【ゴルフトレーニングの科学的根拠No.92】ゴルフと脳卒中の関係


『ゴルフ関連の脳卒中は右側の椎骨動脈由来で頭蓋外での損傷が多い。』
Choi et al.2014

《中村の解釈》
脳卒中というのは脳へ血液が行かなくなる病気の総称で、脳出血や脳梗塞のことです。
脳出血は血管がもろくなって破れてしまい、脳内で出血が起こることを言います。
脳梗塞は血管の壁が厚くなって閉塞する脳閉塞と、心臓の弁などの異物が脳まで流れて血管に詰まる脳塞栓があります。
脳への流れる血液は首の斜め前側にある内頚動脈と、後ろ側にある椎骨動脈から運ばれます。
一般的には内頚動脈由来の脳卒中が多く、加齢によるものがほとんどです。

今回の研究はゴルフ特有の脳卒中ということで、スイングに関連したケースの報告です。
右側の椎骨動脈由来の損傷であり、どちらかというと頭部の誤った回旋によるものであるとされています。
日本整形外科学会では首(頸部)の回旋可動域は左右とも60°が健常者の参考可動域とされています。
上級者のゴルフスイングをみると、一見90°ぐらい回っているようにみえます。
それを真似して無理に首を回そうとすると取り返しのつかないことになりそうです。

では、上級者のスイングがなぜ90°ぐらい回ってみえるのかというと、実際には肩甲骨のプロトラクションという運動が含まれているからです。
肩甲骨のプロトラクションは、例えば前ならえをした状態で頭の位置を動かさずに手を前に突き出すというような運動です。
このプロトラクションの運動を含めると、頭部を残してトップポジションを作ったり、フォローまでしっかりボールのあった場所を見ることができます。

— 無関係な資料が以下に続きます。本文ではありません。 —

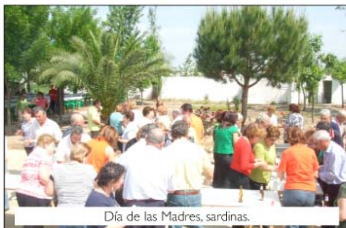
Día de las Madres, sardinas.
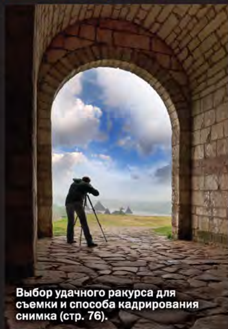
Выбор удачного ракурса для съемки и способа кадрирования снимка (стр. 76).
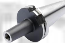
Fräseraufnahmen für Einschraubfräser
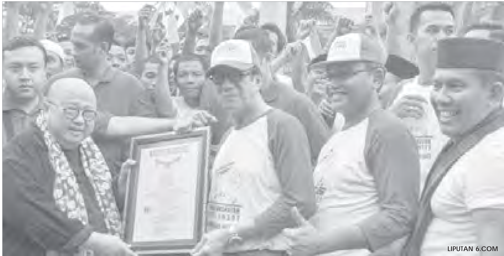
PECAHKAN REKOR MURI — Menkumham Yasonna Laoly ketika menerima penghargaan rekor Muri di LP Cipinang, Jakarta, Senin (15/8). Peringati HUT RI Ke-71, ribuan warga binaan lapas narkoba se-Indonesia pecahkan rekor MURI dengan bernyanyi serempak.
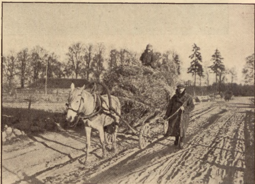
Ze ściółką z lasu.

Dzięki licznie wywożonym przetworom warzywniczym wzmógł się tej jesieni eksport polski. W tej dziedzinie zaznacza się stale wzrost naszego eksportu warzywniczego a nawet na rynkach zagranicznych zdołał zaznaczyć swą egzystencję produktami pierwszej jakości, a w kraju wzbudzić
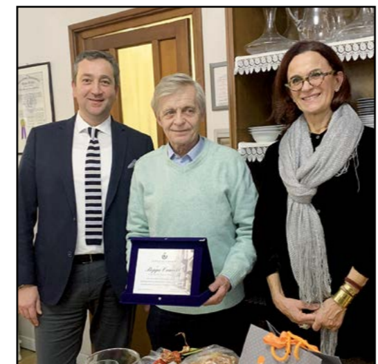
competenza a disposizione dei nostri uffici. Grazie ancora e naturalmente... e buona pensione.
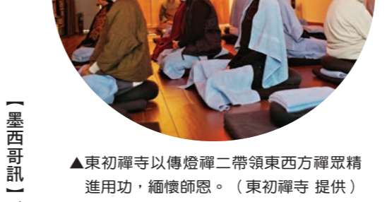
▲東初禪寺以傳燈禪二帶領東方禪眾精進用功，緬懷師恩。

【本刊訊】創辦入聖嚴師父教澤，邁入第十四個年頭，您想念師父嗎？美國、加拿大、馬來西亞、泰國、香港等地的信眾，透過禪修、念佛、拜懺、傳燈等方式，共同緬懷師恩，發願自覺覺他，點亮自己和他人自性中本具慈悲與智慧的光明心燈。 元月二十八日，紐約東初禪寺率先舉辦「傳燈禪二」，佛州塔城分會則於二月三至五日，舉辦實體精進共修，緬懷聖嚴師父的教澤，並重新提起初發心，菩提道上再向前。 際遇三年，加拿大溫哥華道場、美國舊金山道場、西雅圖分會，於二月四日舉辦實體傳燈法會，這也是西雅圖分會在新會址的首辦，當天適逢溫哥華道場和西雅圖分會聖嚴書院佛學班開課，信眾的參與特別踴躍，新學員和資深學員齊聚一堂念佛、傳燈。當夜幕低垂，一盞盞燈點亮了道場，也象徵護持佛法的願心相續不斷，別具傳承意義。 西雅圖分會法會結束後，特別邀請曾親炙聖嚴師父的悅親法師代為開示，而資深信眾的悅親法師代為開示，以「一人一恆課，行願報師恩」為主軸，邀請信眾以個人日常恆課，如禪坐、持咒、念佛、經行等方式來憶念師恩，共有近六十位信眾簡樸安定，卻是最直接地與師父相應、與法相契。
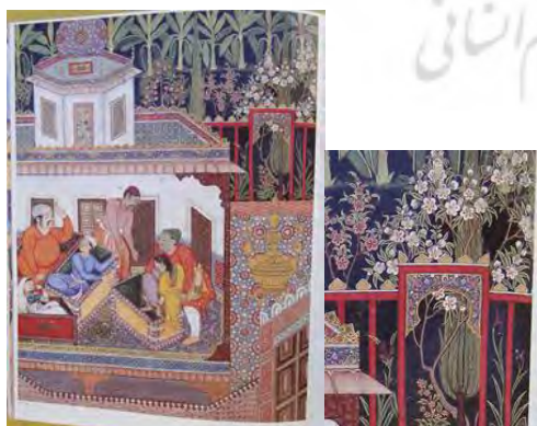
تصویر ۶. جاسوس، ماهوس - خواجه بهبود را وادار کرد تا با جانش به هر روشی قالماس و خرم‌ماه، پسر برادر و دختر قیمار را کمک کند؛ حمزه‌نامه.

اسب نزد ایرانیان بسیار گران‌بها بود و در جایگاه و شکوه قدرت به بارگاه ایزدان راه یافت و خدایان نیز در مواردی برای نشان دادن قدرت خود، به‌صورت اسب درآمدند. «در اوستا، اسب، قوچ و گراز شکل‌های مجسم ایزد مهر، ورثرغنه، معرفی می‌شوند که در نبرد نیکی علیه شر شرکت می‌کنند» (دبلیو، ۱۳۷۴: ۱۵۳). در نگارگری ایرانی در صحنه‌های مربوط به

ただし頭部の回旋運動に関しては、あくまでも脊柱のラインに合わせることが重要です。
脊柱のラインが歪んでいると、首の回旋可動域が制限されてしまいますから、しっかり骨盤から頭頂部までラインを美しく保つ必要があります。
これにはお腹を凹ますドローインの意識が必要不可欠となります。
あとはボールから目を離さず、軸回旋が上手くできていれば、頭は自然に動かなくなるはずです。
頭部よりも骨盤と胸郭のライン、肩甲骨の運動を意識するほうが、重篤な損傷を起こさずにかつパフォーマンスも高くなること請け合いです。